### Dataset records
::::
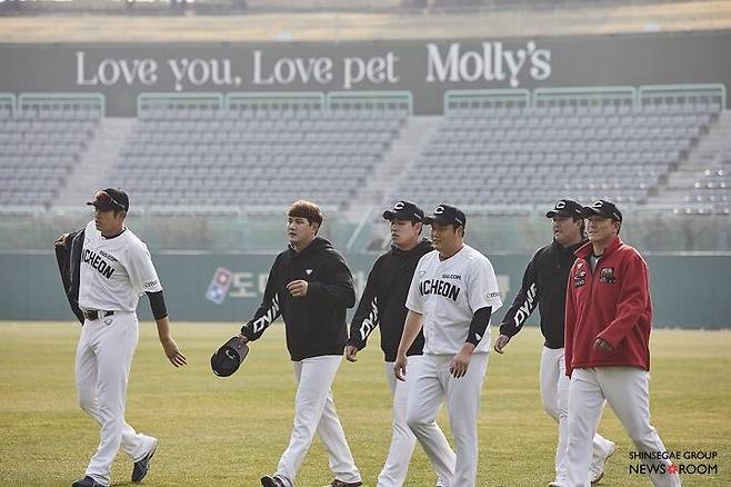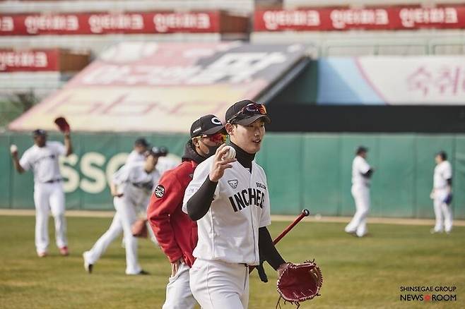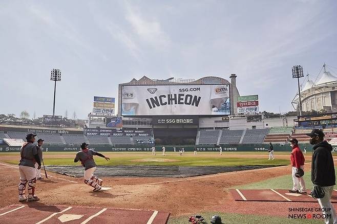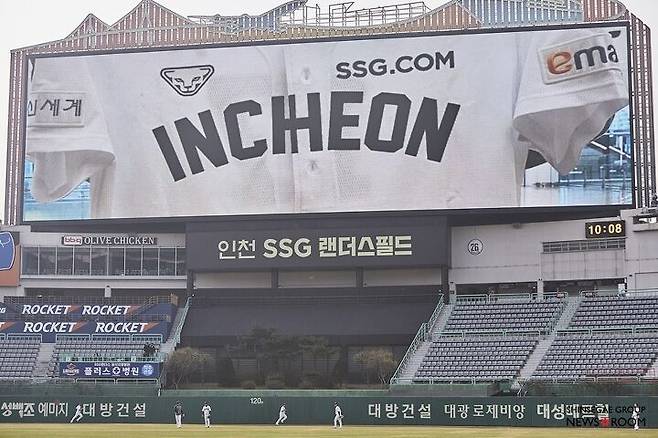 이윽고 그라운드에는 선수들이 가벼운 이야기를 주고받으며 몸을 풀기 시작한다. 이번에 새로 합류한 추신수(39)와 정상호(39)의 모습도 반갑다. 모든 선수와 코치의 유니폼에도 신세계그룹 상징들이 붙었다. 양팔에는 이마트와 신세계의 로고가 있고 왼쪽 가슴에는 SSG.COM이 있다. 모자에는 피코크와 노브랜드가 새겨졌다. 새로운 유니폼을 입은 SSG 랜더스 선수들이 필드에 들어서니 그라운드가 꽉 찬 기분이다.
::::
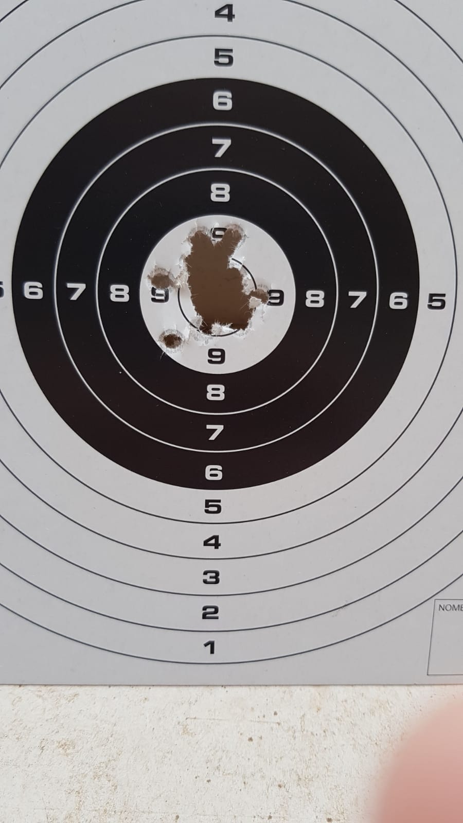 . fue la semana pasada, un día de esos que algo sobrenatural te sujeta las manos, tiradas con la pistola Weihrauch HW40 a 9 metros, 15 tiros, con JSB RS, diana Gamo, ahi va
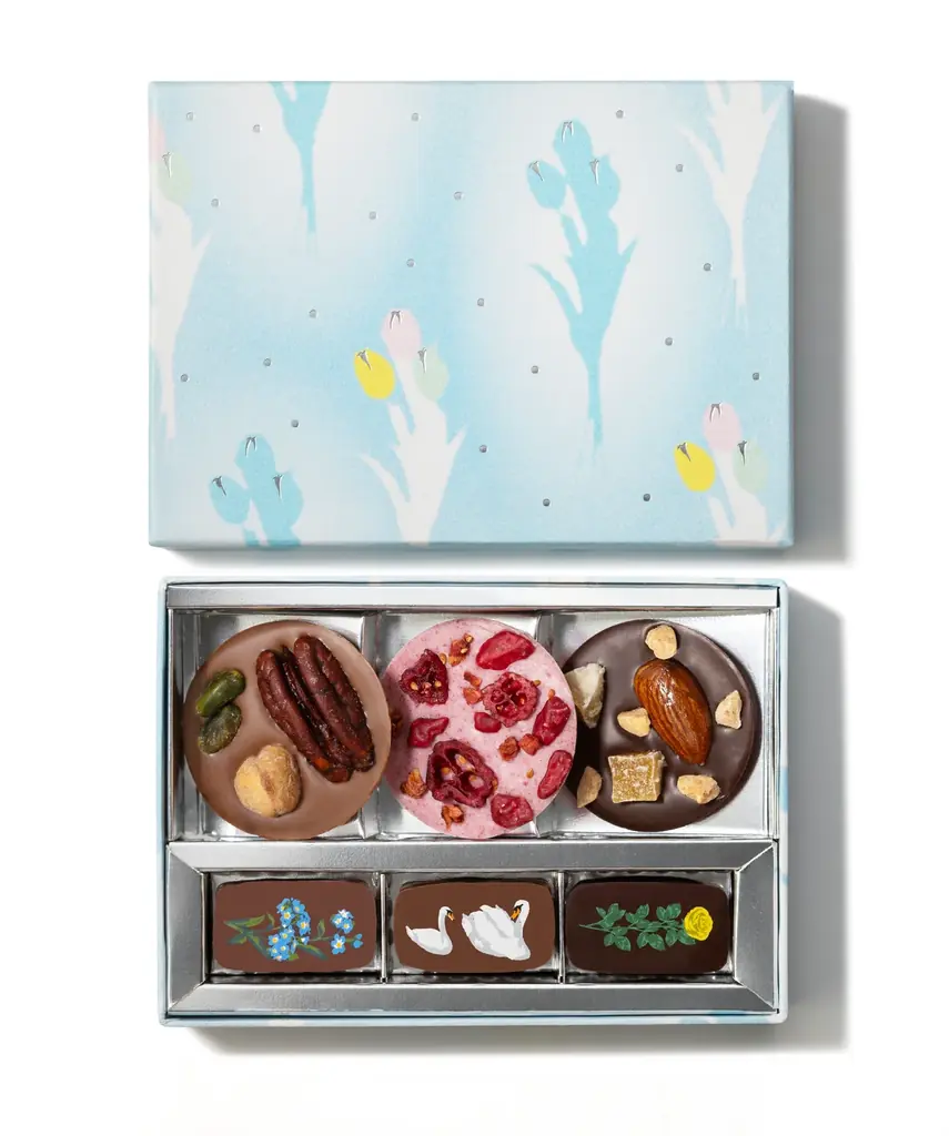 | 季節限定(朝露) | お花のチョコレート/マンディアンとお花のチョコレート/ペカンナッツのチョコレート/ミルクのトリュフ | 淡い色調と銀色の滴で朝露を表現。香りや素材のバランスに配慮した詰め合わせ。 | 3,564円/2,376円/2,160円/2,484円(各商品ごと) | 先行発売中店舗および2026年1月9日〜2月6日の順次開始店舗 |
::::
Going by the data above, give back only the lines from the one containing "Gamo, ahi va" through the one containing "季節限定(朝露) | お花のチョコレート/マンディアンとお花のチョコレート/ペカンナッツのチョコレート/ミルクのトリュフ", exactly as they stand, both ends included and no images.

### Result for this exercise
 . fue la semana pasada, un día de esos que algo sobrenatural te sujeta las manos, tiradas con la pistola Weihrauch HW40 a 9 metros, 15 tiros, con JSB RS, diana Gamo, ahi va
 | 季節限定(朝露) | お花のチョコレート/マンディアンとお花のチョコレート/ペカンナッツのチョコレート/ミルクのトリュフ | 淡い色調と銀色の滴で朝露を表現。香りや素材のバランスに配慮した詰め合わせ。 | 3,564円/2,376円/2,160円/2,484円(各商品ごと) | 先行発売中店舗および2026年1月9日〜2月6日の順次開始店舗 |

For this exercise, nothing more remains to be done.